There is a growing awareness in herbal medications as they are usually safe and devoid of significant adverse effects. Auraptene is a natural bioactive monoterpene coumarin ether and is consumed all over the world. There is growing evidence of the therapeutic benefits of auraptene. Auraptene, also known as auraptene and 7‐geranyloxycoumarin, is a bioactive monoterpene coumarin from Rutaceae family, which is isolated from Citrus aurantium (Seville orange) and Aegle marmelos (bael fruit). Auraptene is a highly pleiotropic molecule, which can modulate intracellular signaling pathways that control inflammation, cell growth, and apoptosis. It has a potential therapeutic role in the prevention and treatment of various diseases due to its anti‐inflammatory and antioxidant activities as well as its excellent safety profile. In the present article, various pharmacological and therapeutic effects of auraptene were reviewed. Different online databases using keywords such as auraptene, therapeutic effects and pharmacological effects were searched until the end of September 2018, for this purpose. Auraptene has been suggested to be effective in the treatment of a broad range of disorders including inflammatory disorders, dysentery, wounds, scars, keloids, and pain.
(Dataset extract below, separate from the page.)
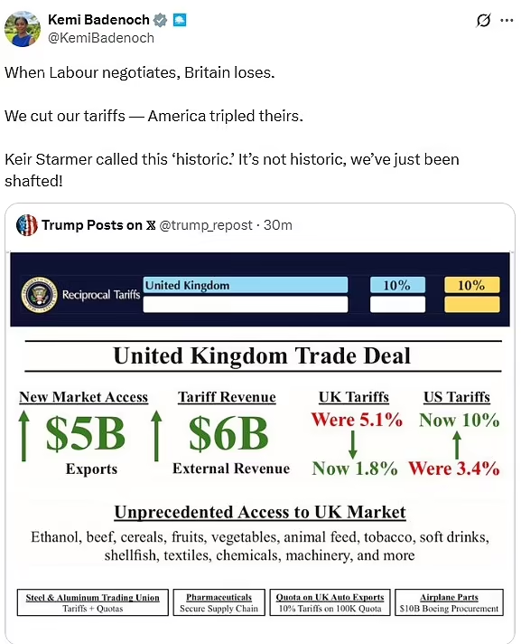 Conservative leader Kemi Badenoch slammed the deal, tweeting that since America tripled its tariffs while Britain slashed ours, we have been “shafted”.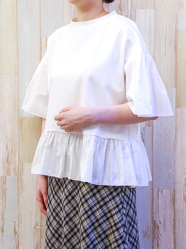 ストライプ状のローンレース地の袖と裾フリルが涼しげなプルオーバー。

In addition, different studies have demonstrated that auraptene possesses numerous pharmacological properties including anti‐inflammatory, anti‐oxidative, anti‐diabetic, anti‐hypertensive and anti‐cancer as well as neuroprotective effects. The present review provides a detailed survey of scientific researches regarding pharmacological properties and therapeutic effects of auraptene.